Retype the opening lines of the data exactly, stopping after the line that contains "Белый цвет стал". Skip every picture.

> **DATA**:
* * * * * * *

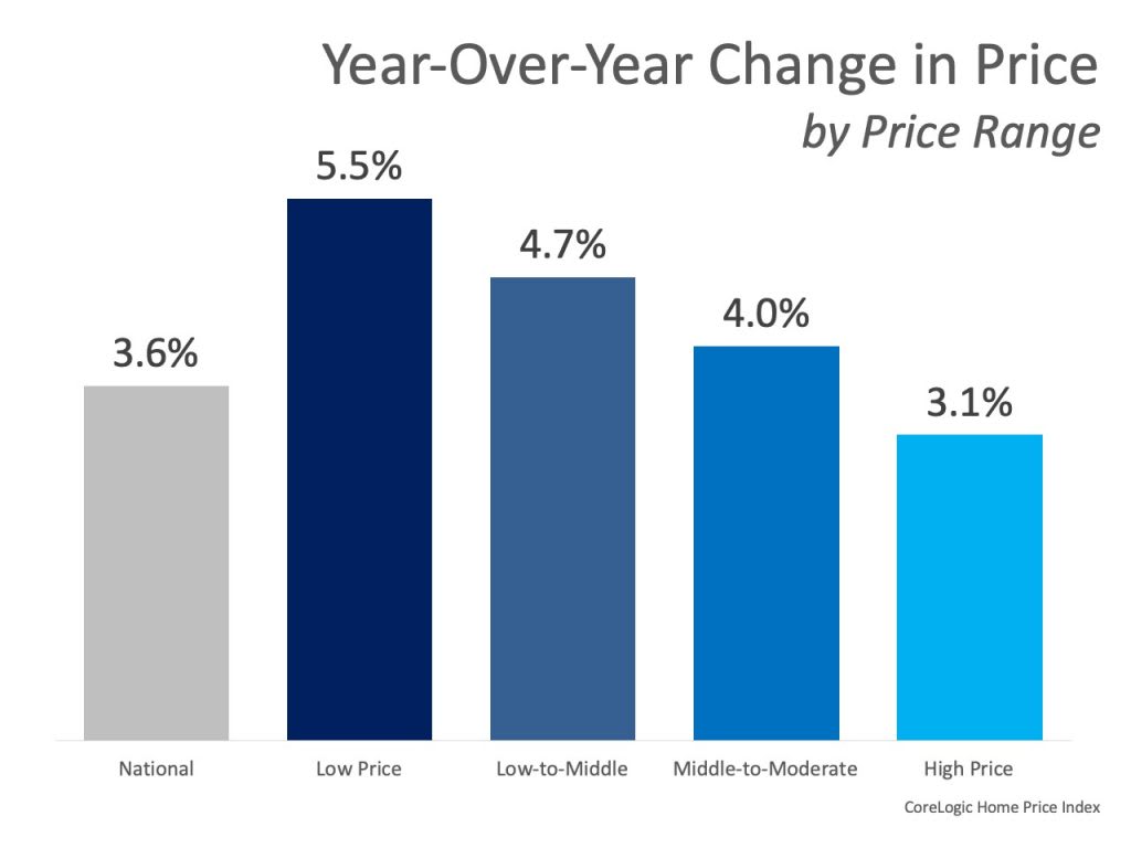 Price appreciation can differ depending on your price range. CoreLogic analyzed four individual home prices tiers and shares the increase in each one.
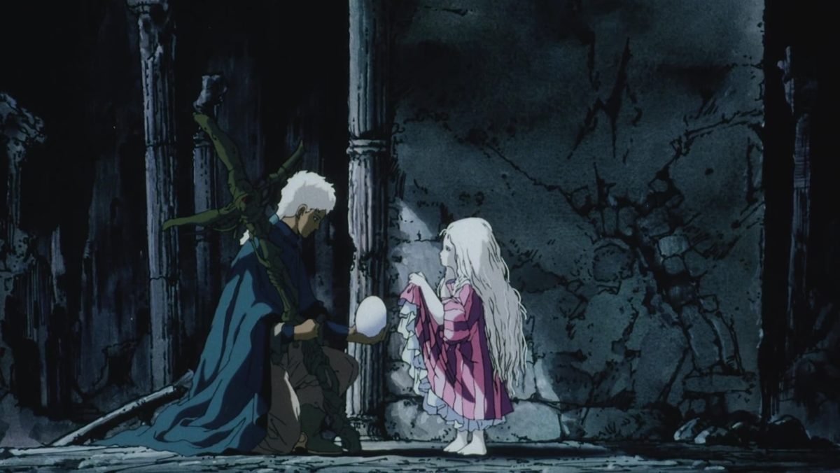 Il film esce nel 1985 con il titolo di Angel’s Egg e si rivelerà uno dei prodotti più autoriali ed ermetici del regista giapponese. Caratterizzato da lunghe sequenze, lente e silenziose, Angel’s Egg è ambientato in un mondo post-apocalittico dotato di tinte fantasy: una dimensione oscura ed esoterica, permeata di riferimenti biblici, con atmosfere fiabesche, cupe e cariche di spietato cinismo.
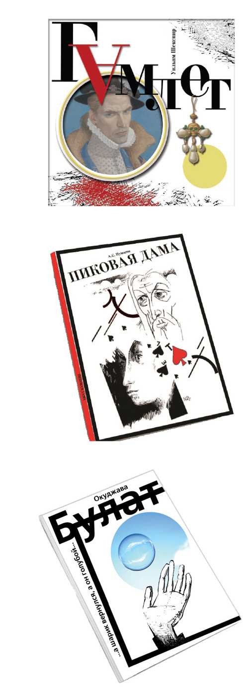 Белый цвет стал основой и для обложек шекспировского «Гамлета», «Пиковой дамы» А.С. Пушкина, издания его «Маленьких трагедий», книги стихов Б.Ш. Окуджавы и многих других произведений мировой литературной классики.
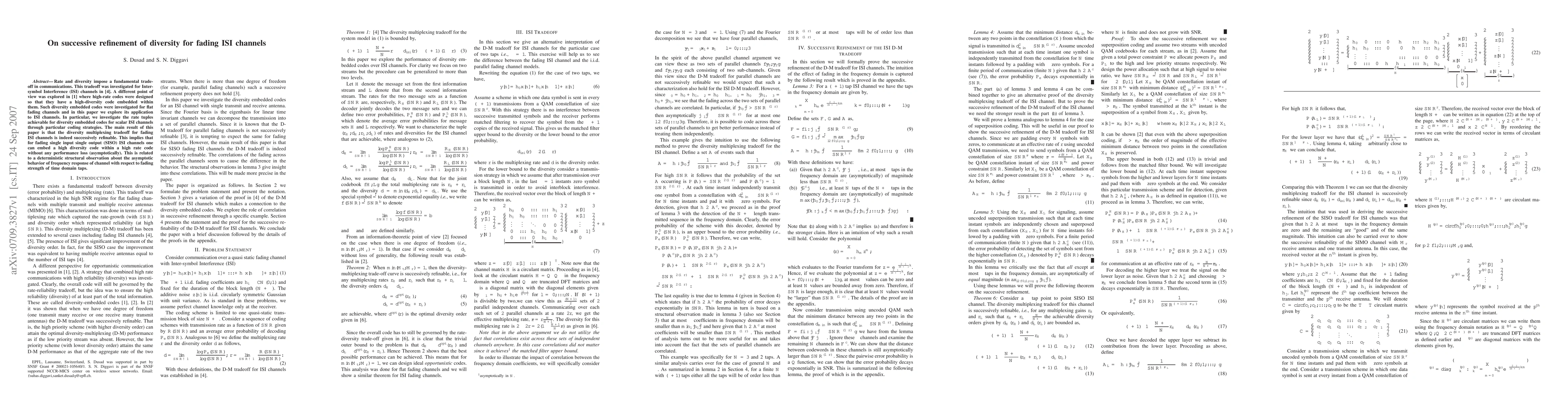 This paper investigates the successive refinement of diversity for fading Intersymbol Interference (ISI) channels, demonstrating that high-rate codes can embed high diversity codes without performance loss asymptotically. The key finding is that the diversity multiplexing tradeoff for such channels is successively refinable.
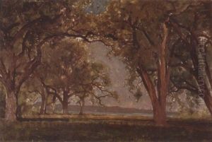 Landscape With Oaks And A Lake Beyond
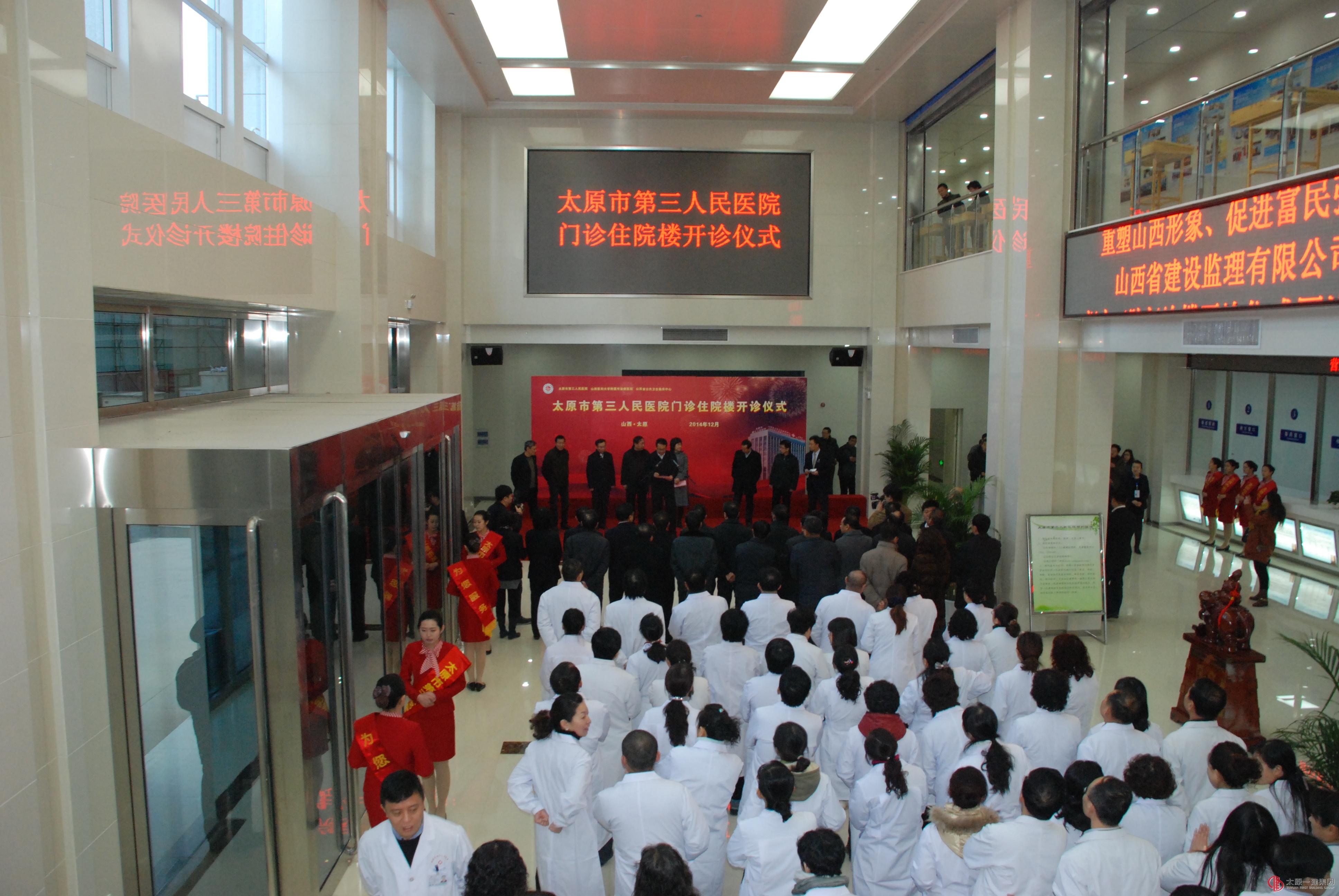 太原一建集团直属分公司承建的太原市第三人民医院门诊楼项目,于2014年12月21日举行开诊仪式。太原市副市长王爱琴、太原市卫生局局长郝宝清应邀参加开诊仪式。第三人民医院门诊楼项目部全体员工以及第三人民医院全体职工、代建单位项目管理人员、监理单位项目管理人员、集团公司副董事长宋双玉、直属分公司经理郭贵法参加本次仪式;太原电视台、太原广播电台、太原晚报、太原日报等多家媒体对门诊楼开诊仪式进行宣传报道。第三人民医院院长李玉杰主持仪式。

* * * * * * *

> **FINISHED EXERCISE**:
 Price appreciation can differ depending on your price range. CoreLogic analyzed four individual home prices tiers and shares the increase in each one.
 Il film esce nel 1985 con il titolo di Angel’s Egg e si rivelerà uno dei prodotti più autoriali ed ermetici del regista giapponese. Caratterizzato da lunghe sequenze, lente e silenziose, Angel’s Egg è ambientato in un mondo post-apocalittico dotato di tinte fantasy: una dimensione oscura ed esoterica, permeata di riferimenti biblici, con atmosfere fiabesche, cupe e cariche di spietato cinismo.
 Белый цвет стал основой и для обложек шекспировского «Гамлета», «Пиковой дамы» А.С. Пушкина, издания его «Маленьких трагедий», книги стихов Б.Ш. Окуджавы и многих других произведений мировой литературной классики.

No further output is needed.